Every line of the listing below must be printed again exactly, apart from its pictures.
(DATA PROVIDED Opens)
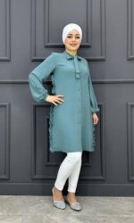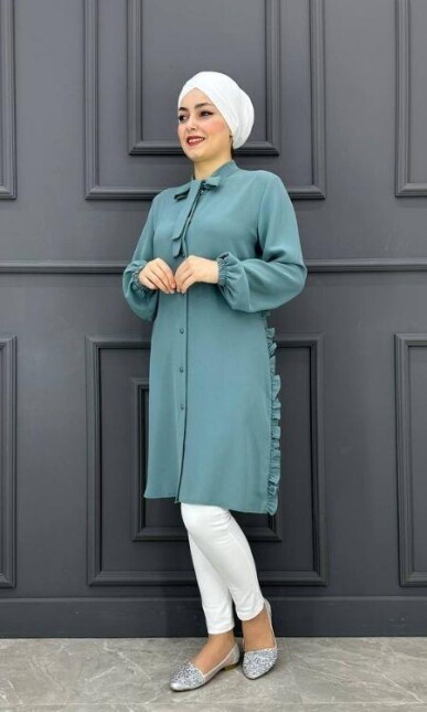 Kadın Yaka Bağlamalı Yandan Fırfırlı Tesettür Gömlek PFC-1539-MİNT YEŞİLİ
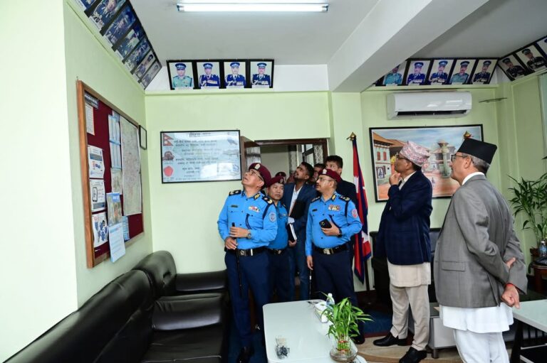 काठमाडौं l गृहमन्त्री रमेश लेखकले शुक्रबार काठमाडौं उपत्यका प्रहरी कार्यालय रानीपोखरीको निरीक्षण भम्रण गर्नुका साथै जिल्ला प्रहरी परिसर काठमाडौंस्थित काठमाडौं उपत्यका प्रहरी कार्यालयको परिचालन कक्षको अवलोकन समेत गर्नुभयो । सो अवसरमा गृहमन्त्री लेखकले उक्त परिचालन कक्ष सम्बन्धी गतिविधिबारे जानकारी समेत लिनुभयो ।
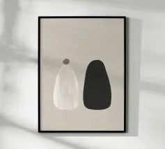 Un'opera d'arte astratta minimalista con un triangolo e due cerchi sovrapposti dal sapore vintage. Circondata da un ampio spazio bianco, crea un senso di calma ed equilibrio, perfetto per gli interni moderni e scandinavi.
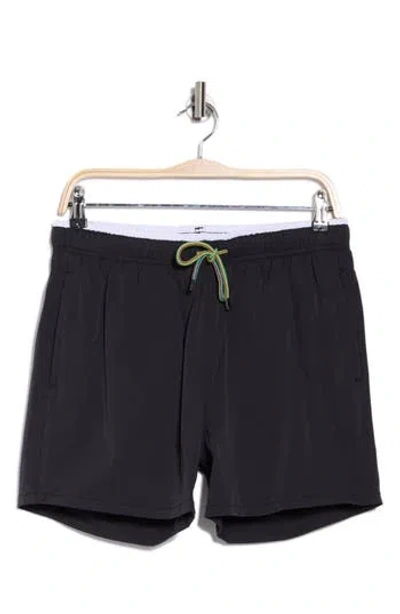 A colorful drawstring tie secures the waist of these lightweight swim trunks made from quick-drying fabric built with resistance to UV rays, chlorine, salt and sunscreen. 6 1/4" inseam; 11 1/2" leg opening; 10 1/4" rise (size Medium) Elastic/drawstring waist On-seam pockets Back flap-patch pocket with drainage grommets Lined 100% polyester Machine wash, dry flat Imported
(DATA PROVIDED Closes)
EXERCISE OUTPUT -
 Kadın Yaka Bağlamalı Yandan Fırfırlı Tesettür Gömlek PFC-1539-MİNT YEŞİLİ
 काठमाडौं l गृहमन्त्री रमेश लेखकले शुक्रबार काठमाडौं उपत्यका प्रहरी कार्यालय रानीपोखरीको निरीक्षण भम्रण गर्नुका साथै जिल्ला प्रहरी परिसर काठमाडौंस्थित काठमाडौं उपत्यका प्रहरी कार्यालयको परिचालन कक्षको अवलोकन समेत गर्नुभयो । सो अवसरमा गृहमन्त्री लेखकले उक्त परिचालन कक्ष सम्बन्धी गतिविधिबारे जानकारी समेत लिनुभयो ।
 Un'opera d'arte astratta minimalista con un triangolo e due cerchi sovrapposti dal sapore vintage. Circondata da un ampio spazio bianco, crea un senso di calma ed equilibrio, perfetto per gli interni moderni e scandinavi.
 A colorful drawstring tie secures the waist of these lightweight swim trunks made from quick-drying fabric built with resistance to UV rays, chlorine, salt and sunscreen. 6 1/4" inseam; 11 1/2" leg opening; 10 1/4" rise (size Medium) Elastic/drawstring waist On-seam pockets Back flap-patch pocket with drainage grommets Lined 100% polyester Machine wash, dry flat Imported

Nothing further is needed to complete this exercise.